Die Bundes-Schul-Cloud
Ist eine Schul-Cloud in staatlicher Verantwortung die Lösung für alle Bedenken rund um den Datenschutz? Das Bundesministerium für Bildung und Forschung (BMBF) fördert das Pilotprojekt einer Cloud, die bundesweit Schulen eine „sichere digitale Lerninfrastruktur“ bieten soll, wie es beim BMBF heißt. Entwickelt wurde die Plattform vom Hasso-Plattner-Institut (HPI) in Potsdam. Seit März 2020 kann sich jede interessierte Schule für den Cloud-Service anmelden. Auch mehrere Bundesländer haben sich inzwischen entschieden, die HPI Schul-Cloud auszurollen. Thüringen, Brandenburg, Niedersachsen sind dabei, sie allen Schulen als digitale Lern- und Arbeitsumgebung zur Verfügung zu stellen. Bundesweit nutzen zurzeit knapp zweieinhalbtausend Schulen die HPI-Schul-Cloud. Das sind etwa 450.000 Schüler und Lehrkräfte.
Prof. Dr. Christoph Meinel ist wissenschaftlicher Direktor des Hasso-Plattner-Instituts und Leiter des HPI Schul-Cloud-Projekts. Nach den Worten des Informatikprofessors hält das Projekt sämtliche Funktionalitäten vor, die „für zeitgemäßen digitalen Unterricht in ganz Deutschland“ benötigt werden. Lerninhalte und Programme diverser Anbieter könnten in den Lern-Store der HPI Schul-Cloud integriert werden, ohne dass diese externen Partner Zugriff auf die persönlichen Daten der Schüler und Schülerinnen erhalten. „Die personenbezogenen Daten bleiben allein in der HPI Schul-Cloud. Wenn es um externe Systeme und Angebote in den Schulmedien geht, dann kommen dort nur pseudonymisierte Nutzerdaten zu Tage“, so Meinl.
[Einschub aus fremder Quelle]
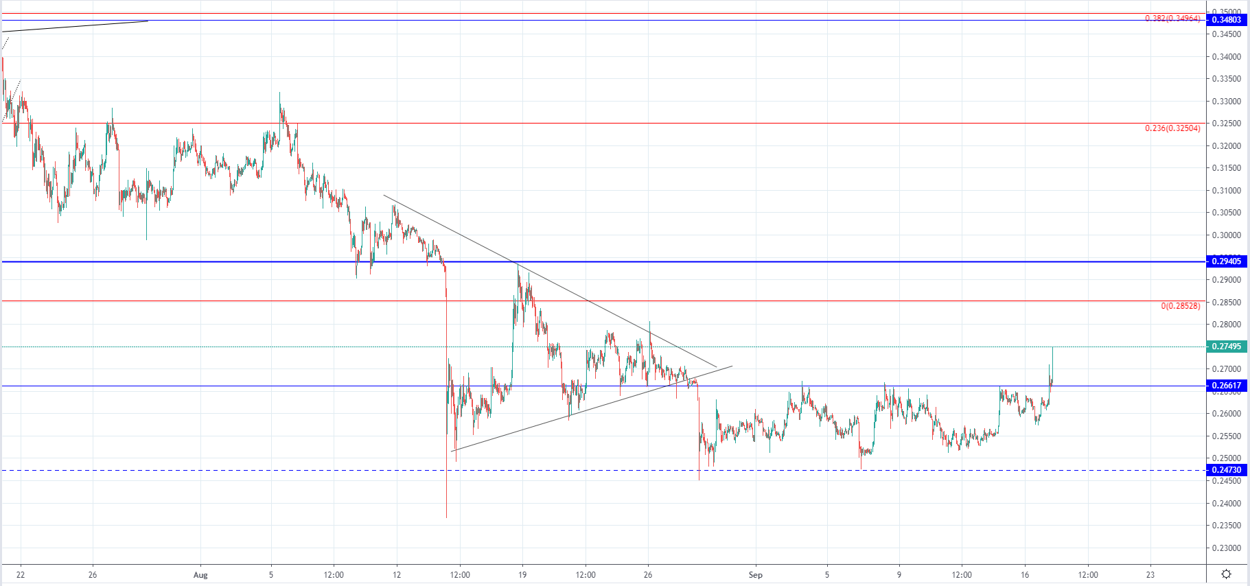 On the hourly chart, you can see that the momentum behind the increase looks strong and with the price breaking its significant horizontal resistance. The price increase is likely to continue for a bit more until it reaches its upper horizontal resistance around the $0.27843 or the next one at $0.29405. After the increase ends I would be expecting a retracement back to the broken horizontal resistance as a retest of support and if the price manages to hold above it, it could indicate the start of the recovery. But if the price fails to hold above it and instead enters the lower range it would more likely mean that the increase seen was corrective and that the downtrend would continue for another lower low before a recovery can be made.

Das ARD-Magazin „Kontraste“ deckte nach eigenen Angaben bereits im Mai 2020 „schwere Sicherheitslücken“ bei der HPI-Schul-Cloud auf. Die Redaktion entdeckte die Vor- und Nachnamen von Schülern, auch Mail-Adressen von Anwendern und Schulen, die frei im Netz zu sehen waren. Das HPI Institut ging daraufhin an die Öffentlichkeit, vermeldete einen illegalen Hackerangriff und betonte, dass die Datenschutz-Lücke sofort geschlossen worden sei. Die Angst vor Datenlecks wird durch solche Vorfälle allerdings nicht beseitigt.
Die Sicht der Schulen
Für die Schule steht neben dem Datenschutz naturgemäß auch eine möglichst störungsfreie Anwendung im Vordergrund. „Die Cloud bedeutet für uns vor allem eins – einen kabellosen Zugang zu unseren Inhalten, und zwar von jedem Ort aus“ sagt Felix Gruber, 1. Stellvertretender Schulleiter des Leininger-Gymnasiums, im Gespräch mit dem Webportal Verbraucherbildung. Das Leininger-Gymnasium ist eine der Schulen, die zuerst an dem Pilotprojekt teilgenommen haben. Bevor die Testphase jedoch starten konnte, sei viel Entwicklungsarbeit notwendig gewesen, berichtet Gruber. Alle am Schulleben Beteiligten, auch die Elternschaft, mussten sich für die Teilnahme einverstanden erklären. „Wir versuchen darzustellen, es geht uns nicht um die Ablösung der bisherigen Unterrichtsstruktur“, sagt der ständige Vertreter der Schulleitung. „Es ist eine Zusatzfunktion, die uns neue pädagogische Einsatzmöglichkeiten erschließt.“ Denn so sinnvoll solche neuen Plattformen auch sein können: Ohne ein pädagogisches Konzept und ohne Inhalte nutzen sie – auch wenn sie sicher sind – nichts.